> _Task item_: For the material below, the expected output is exactly the lines between the line holding "impress your recipient." and the line holding "- 【100% Blackout】Joydeco", inclusive, with pictures left out.

> _Input for this task_:

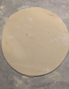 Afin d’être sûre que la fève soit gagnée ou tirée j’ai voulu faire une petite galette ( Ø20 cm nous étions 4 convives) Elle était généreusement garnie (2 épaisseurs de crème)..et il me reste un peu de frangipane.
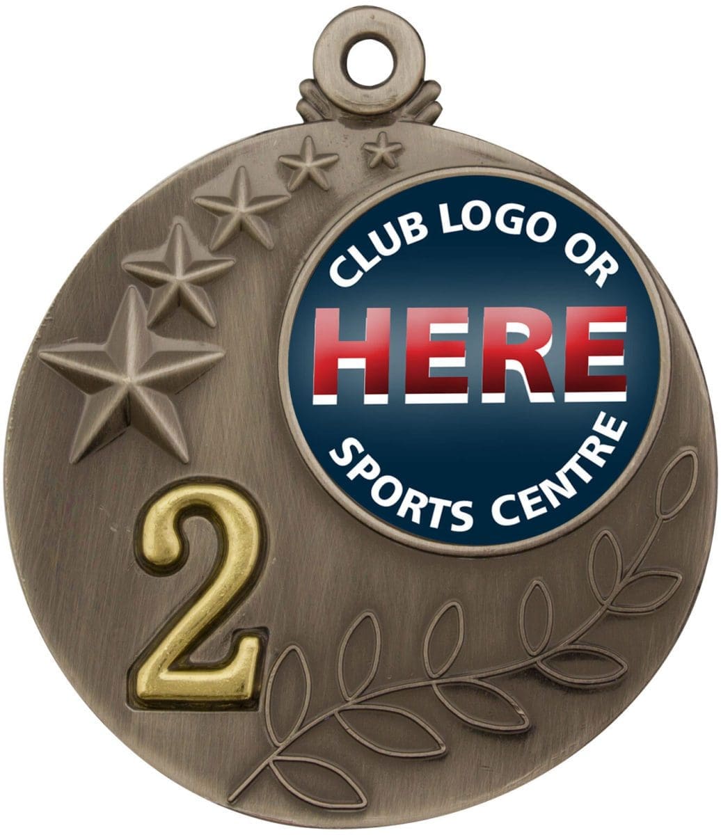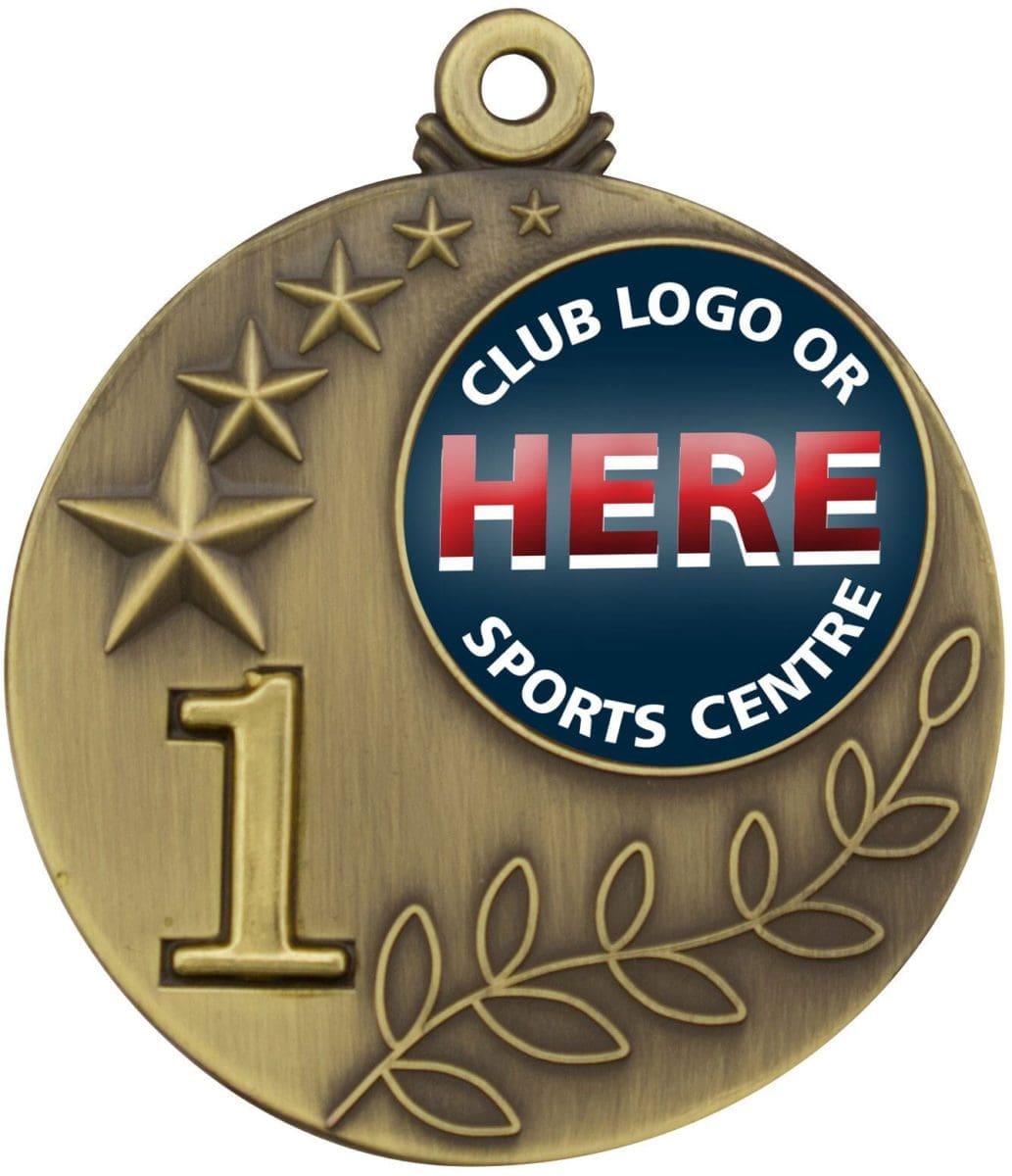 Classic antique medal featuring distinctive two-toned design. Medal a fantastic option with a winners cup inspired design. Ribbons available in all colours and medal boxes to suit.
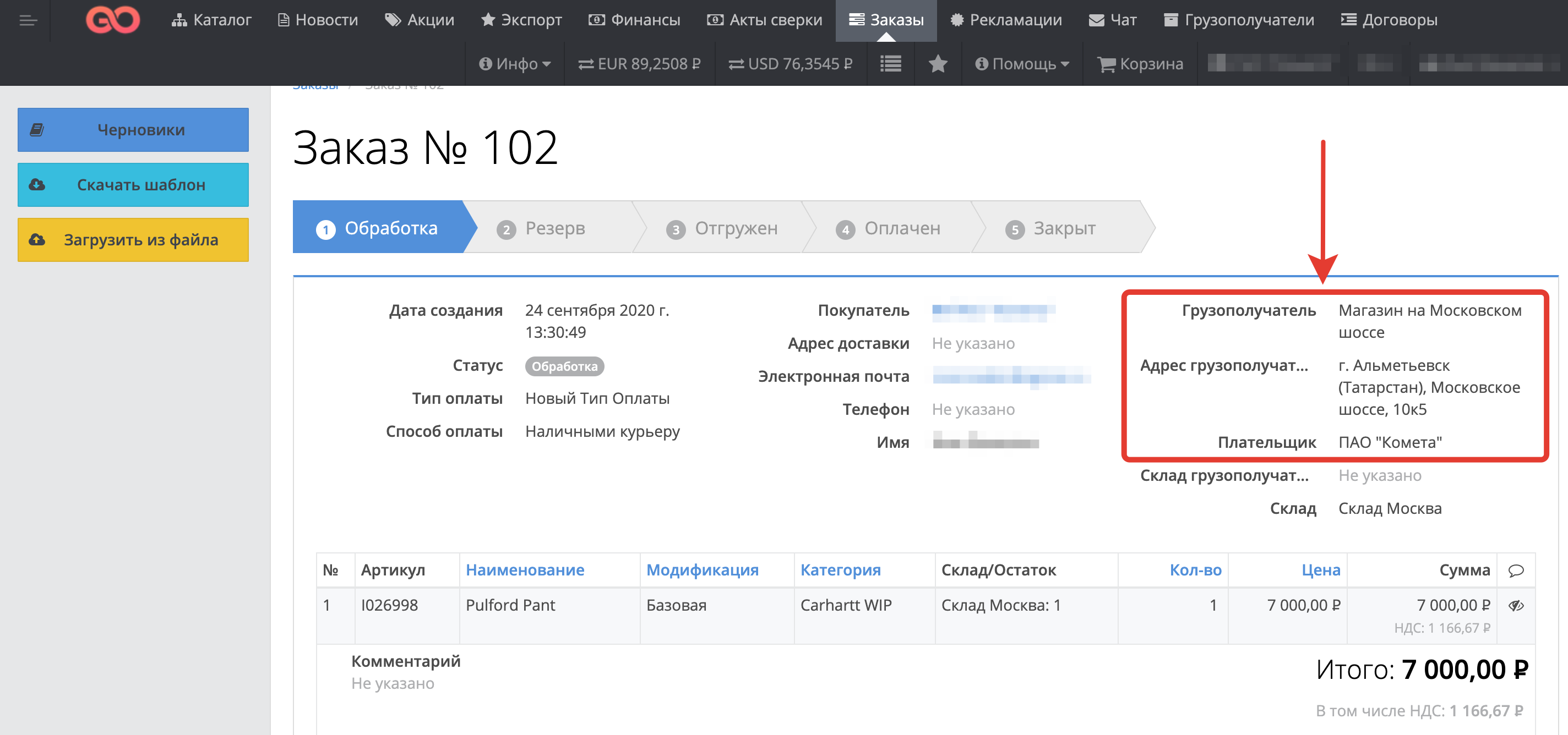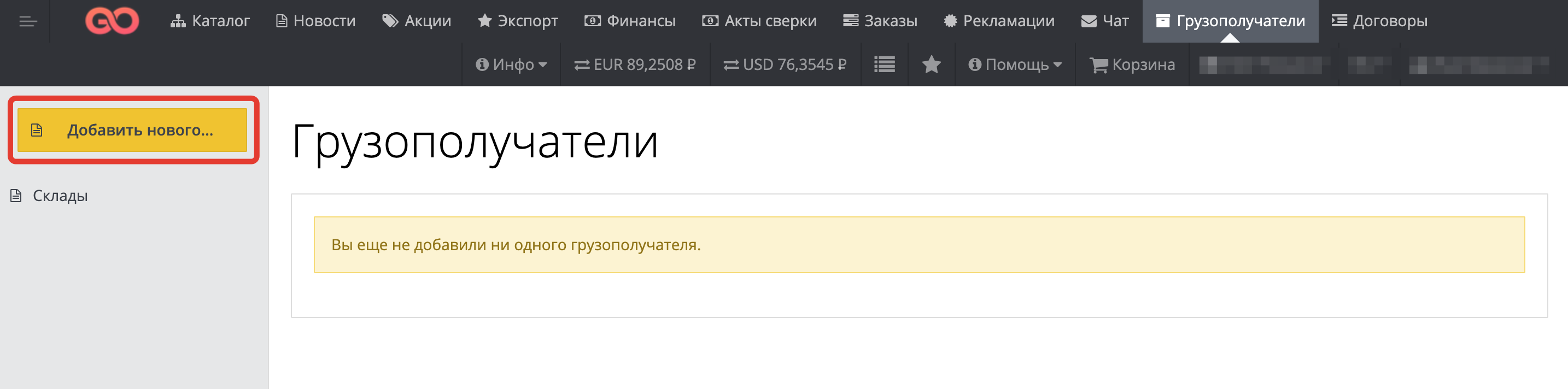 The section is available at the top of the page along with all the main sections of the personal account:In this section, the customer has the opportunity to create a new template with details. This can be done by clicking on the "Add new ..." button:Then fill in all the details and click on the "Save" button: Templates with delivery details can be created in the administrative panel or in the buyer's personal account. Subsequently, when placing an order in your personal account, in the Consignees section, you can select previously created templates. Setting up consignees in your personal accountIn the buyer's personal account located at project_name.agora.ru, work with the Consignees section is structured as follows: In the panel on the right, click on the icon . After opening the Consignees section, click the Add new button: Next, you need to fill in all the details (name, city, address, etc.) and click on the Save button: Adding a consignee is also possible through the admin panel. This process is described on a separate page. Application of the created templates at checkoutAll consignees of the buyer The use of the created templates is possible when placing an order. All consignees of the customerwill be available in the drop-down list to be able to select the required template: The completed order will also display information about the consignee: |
...
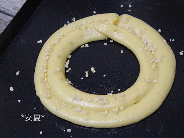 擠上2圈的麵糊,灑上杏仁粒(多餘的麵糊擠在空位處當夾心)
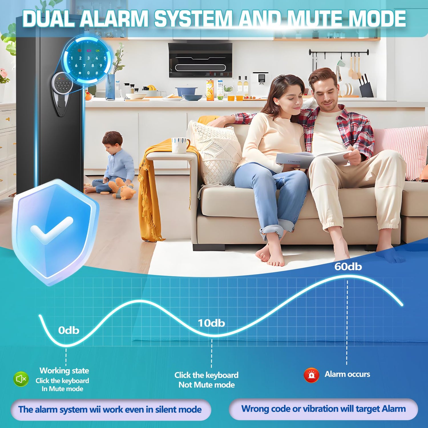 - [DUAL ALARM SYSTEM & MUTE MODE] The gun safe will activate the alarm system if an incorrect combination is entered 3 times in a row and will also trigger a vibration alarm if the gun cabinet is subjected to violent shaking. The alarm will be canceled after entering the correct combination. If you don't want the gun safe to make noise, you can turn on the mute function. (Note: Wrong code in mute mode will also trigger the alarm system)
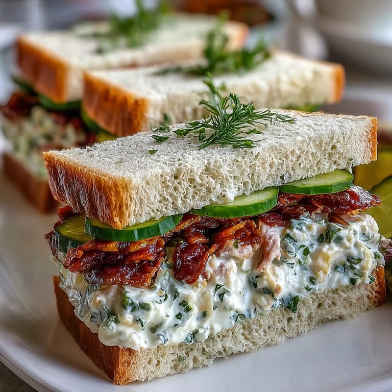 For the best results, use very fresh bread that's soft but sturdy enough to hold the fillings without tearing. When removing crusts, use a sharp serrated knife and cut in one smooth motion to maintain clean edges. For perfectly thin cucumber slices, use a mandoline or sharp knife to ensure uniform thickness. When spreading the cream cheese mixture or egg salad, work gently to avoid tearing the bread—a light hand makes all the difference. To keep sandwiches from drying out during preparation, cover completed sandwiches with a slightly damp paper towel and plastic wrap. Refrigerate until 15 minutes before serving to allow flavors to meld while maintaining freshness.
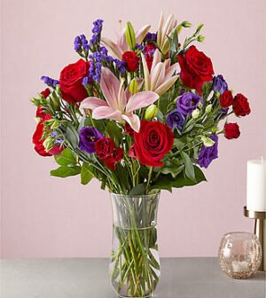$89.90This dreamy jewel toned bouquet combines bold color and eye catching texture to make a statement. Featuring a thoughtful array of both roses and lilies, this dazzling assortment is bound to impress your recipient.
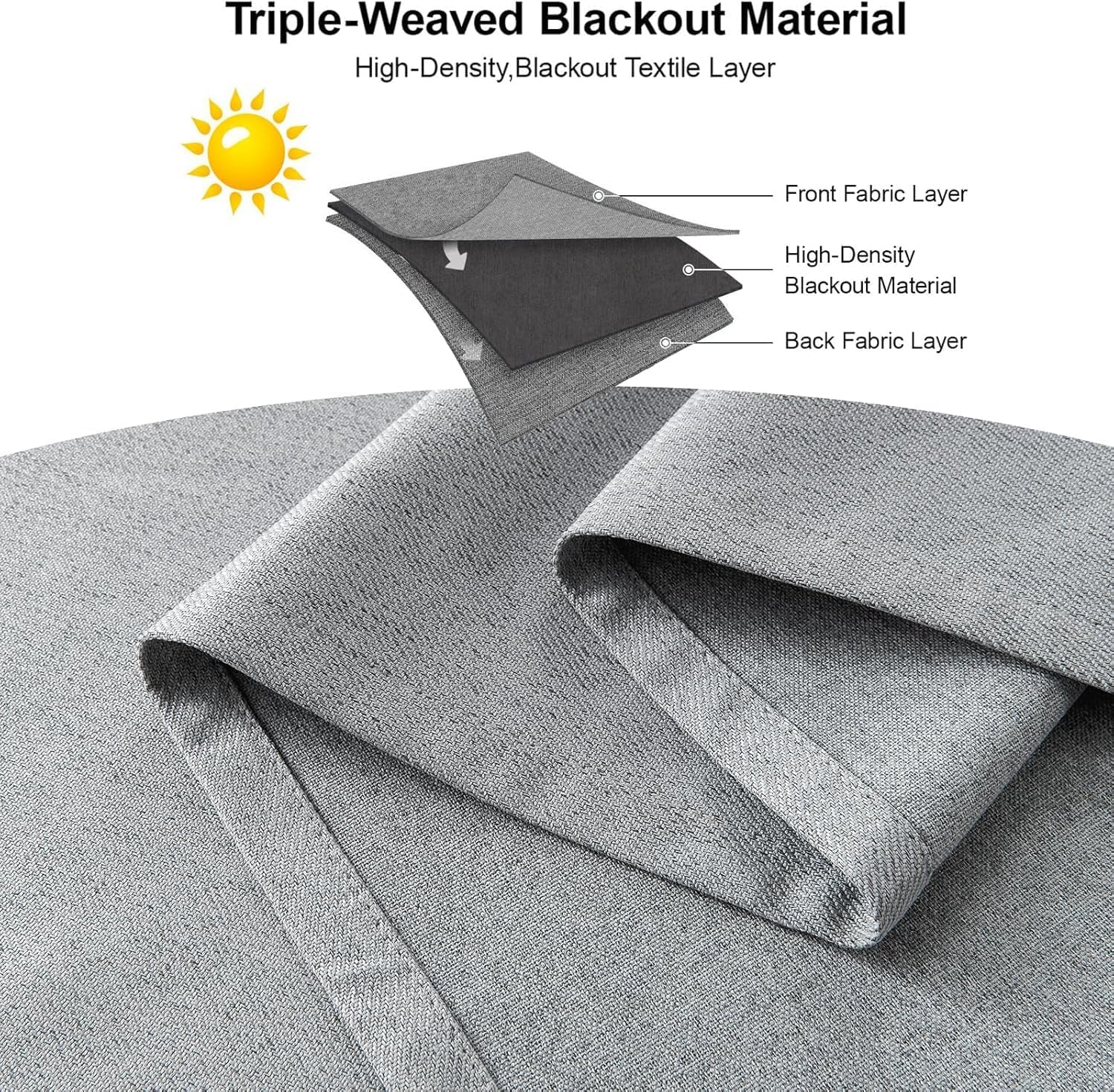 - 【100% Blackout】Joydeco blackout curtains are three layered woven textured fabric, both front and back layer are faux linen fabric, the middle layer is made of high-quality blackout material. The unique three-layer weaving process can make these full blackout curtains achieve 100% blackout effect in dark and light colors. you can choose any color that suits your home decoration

> _Task response_:
$89.90This dreamy jewel toned bouquet combines bold color and eye catching texture to make a statement. Featuring a thoughtful array of both roses and lilies, this dazzling assortment is bound to impress your recipient.
 - 【100% Blackout】Joydeco blackout curtains are three layered woven textured fabric, both front and back layer are faux linen fabric, the middle layer is made of high-quality blackout material. The unique three-layer weaving process can make these full blackout curtains achieve 100% blackout effect in dark and light colors. you can choose any color that suits your home decoration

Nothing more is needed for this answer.